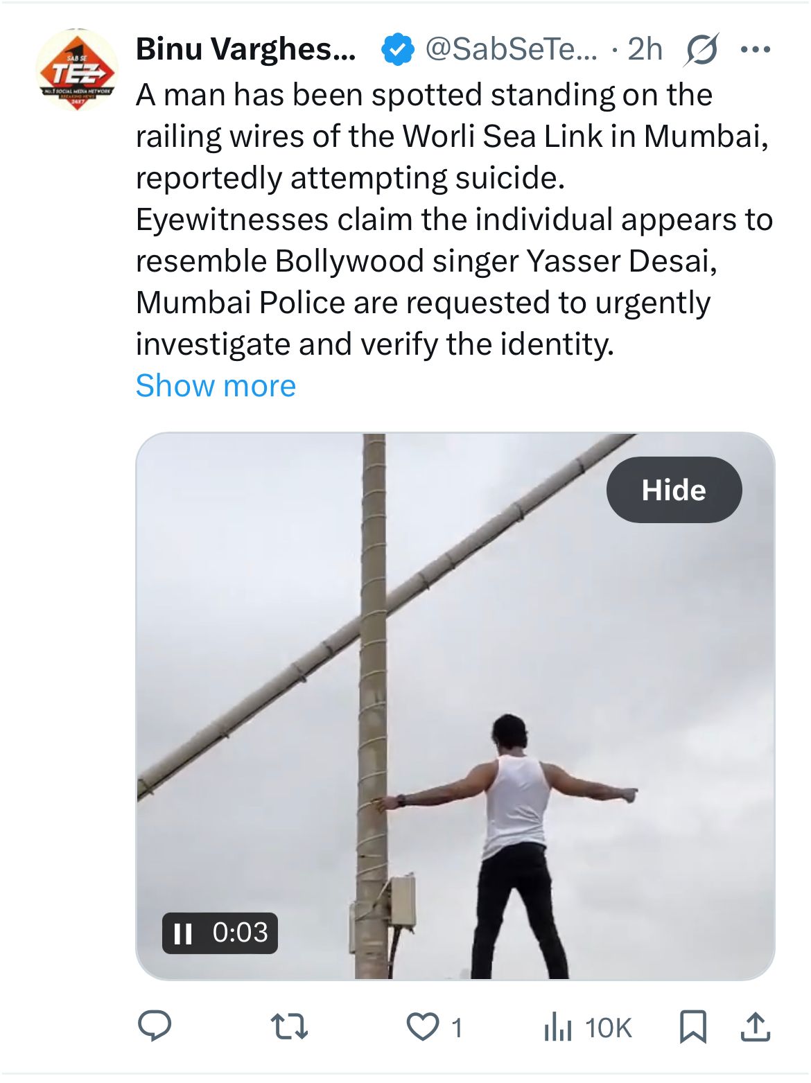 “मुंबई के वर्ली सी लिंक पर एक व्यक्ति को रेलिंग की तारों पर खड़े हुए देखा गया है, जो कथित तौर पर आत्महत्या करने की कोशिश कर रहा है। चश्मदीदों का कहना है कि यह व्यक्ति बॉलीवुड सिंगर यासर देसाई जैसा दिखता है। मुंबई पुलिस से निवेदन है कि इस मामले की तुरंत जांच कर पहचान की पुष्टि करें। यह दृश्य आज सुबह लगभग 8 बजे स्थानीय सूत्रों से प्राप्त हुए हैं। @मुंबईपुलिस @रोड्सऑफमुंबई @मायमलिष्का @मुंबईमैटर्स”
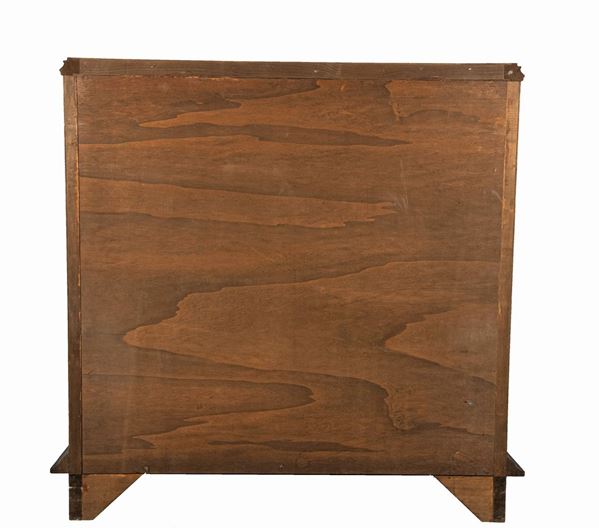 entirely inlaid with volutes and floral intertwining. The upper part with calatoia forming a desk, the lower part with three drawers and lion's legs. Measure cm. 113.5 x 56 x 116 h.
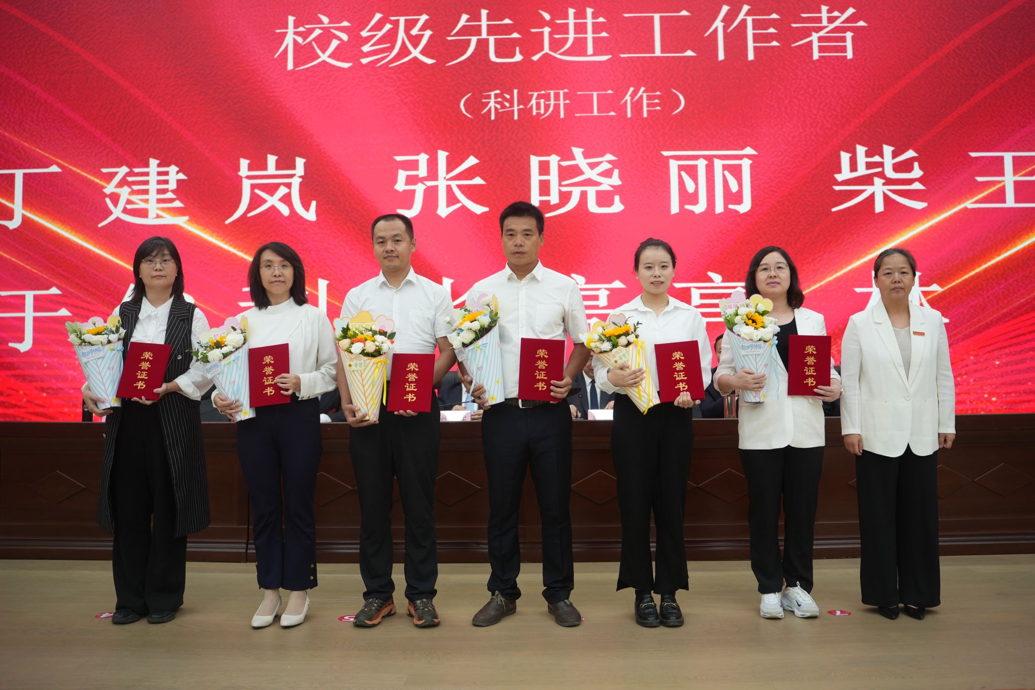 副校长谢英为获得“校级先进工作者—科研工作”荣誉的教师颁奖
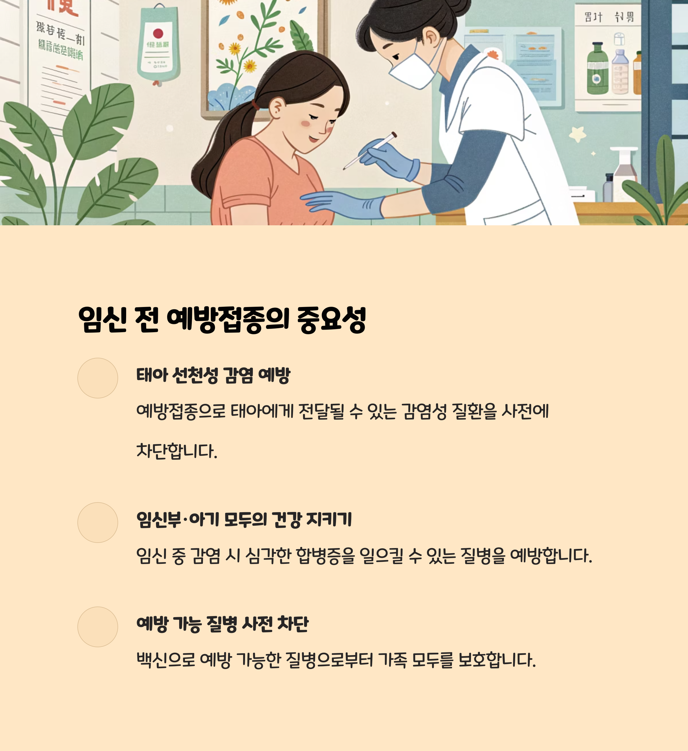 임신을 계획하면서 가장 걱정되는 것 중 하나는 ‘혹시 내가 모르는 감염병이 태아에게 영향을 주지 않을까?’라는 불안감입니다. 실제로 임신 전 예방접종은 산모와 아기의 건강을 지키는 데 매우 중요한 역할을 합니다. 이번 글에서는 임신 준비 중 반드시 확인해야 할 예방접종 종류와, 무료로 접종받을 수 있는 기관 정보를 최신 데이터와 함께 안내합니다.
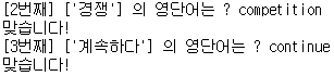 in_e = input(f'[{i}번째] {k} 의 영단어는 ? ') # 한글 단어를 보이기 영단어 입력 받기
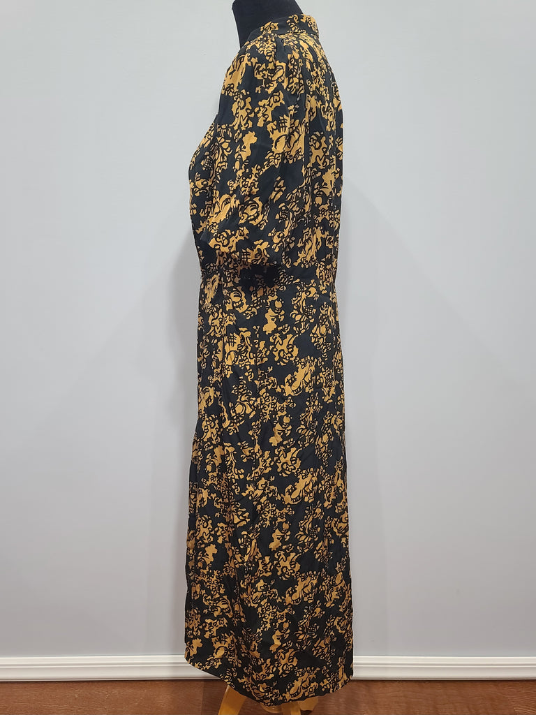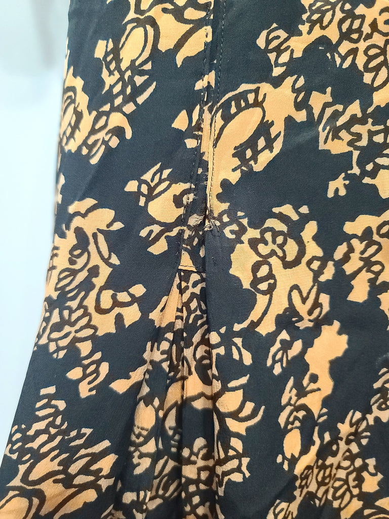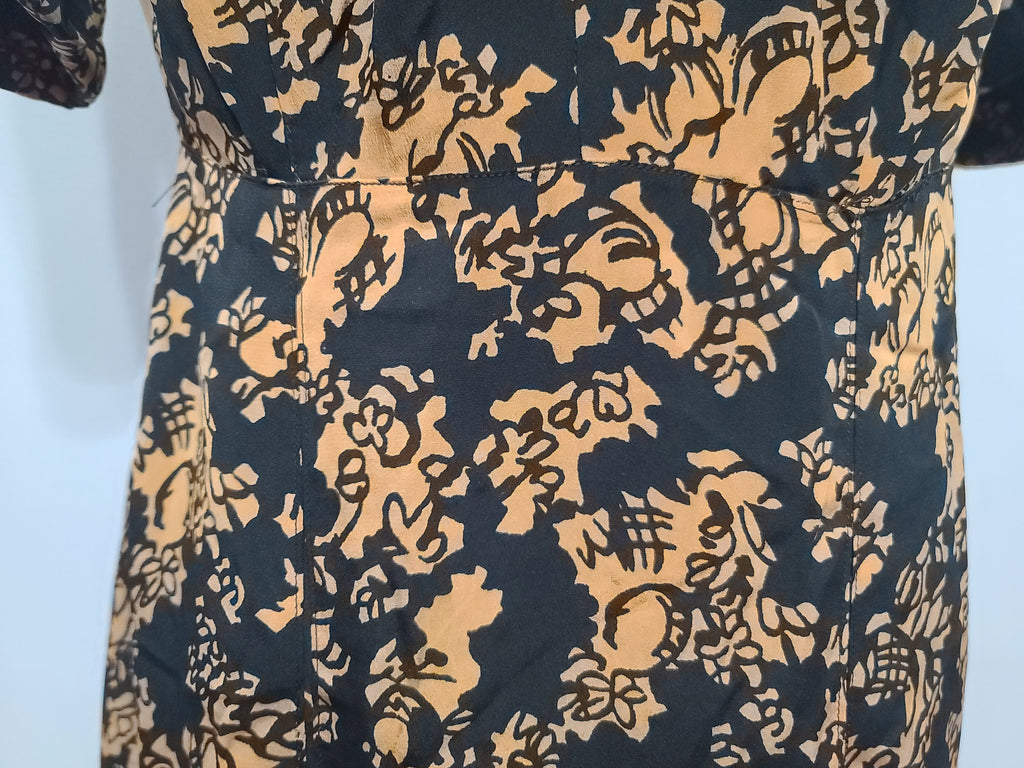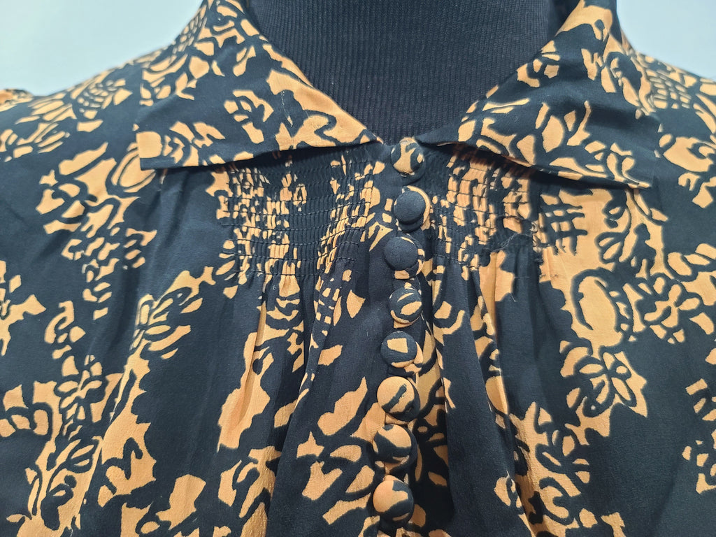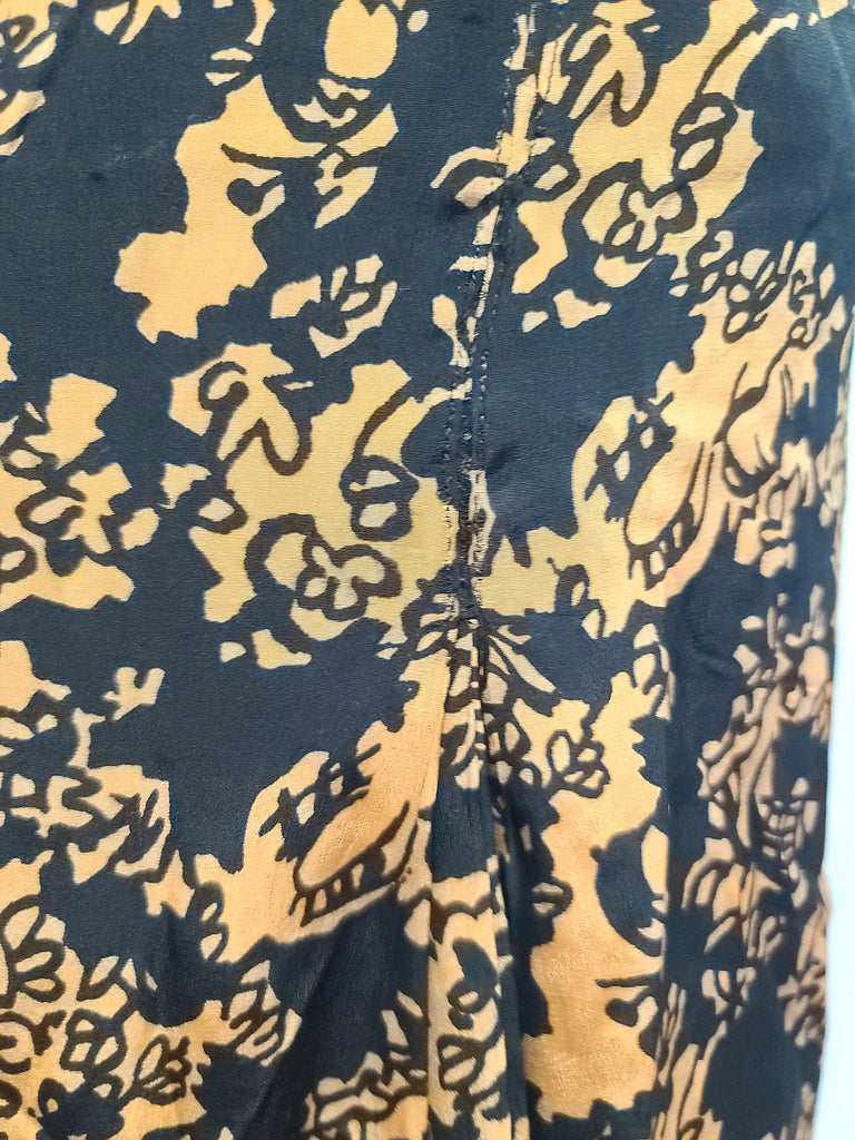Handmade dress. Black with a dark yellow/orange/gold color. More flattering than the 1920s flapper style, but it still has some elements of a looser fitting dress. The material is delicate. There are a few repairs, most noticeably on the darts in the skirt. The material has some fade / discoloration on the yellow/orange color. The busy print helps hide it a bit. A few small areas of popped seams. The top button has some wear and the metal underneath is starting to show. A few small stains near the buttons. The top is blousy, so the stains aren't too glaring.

=-=-=

What is being asked:
Leaving out the pictures, return exactly the lines from the one that contains "보이기 영단어 입력 받기" through the last line of the records above, inclusive.

The answer:
 in_e = input(f'[{i}번째] {k} 의 영단어는 ? ') # 한글 단어를 보이기 영단어 입력 받기
Handmade dress. Black with a dark yellow/orange/gold color. More flattering than the 1920s flapper style, but it still has some elements of a looser fitting dress. The material is delicate. There are a few repairs, most noticeably on the darts in the skirt. The material has some fade / discoloration on the yellow/orange color. The busy print helps hide it a bit. A few small areas of popped seams. The top button has some wear and the metal underneath is starting to show. A few small stains near the buttons. The top is blousy, so the stains aren't too glaring.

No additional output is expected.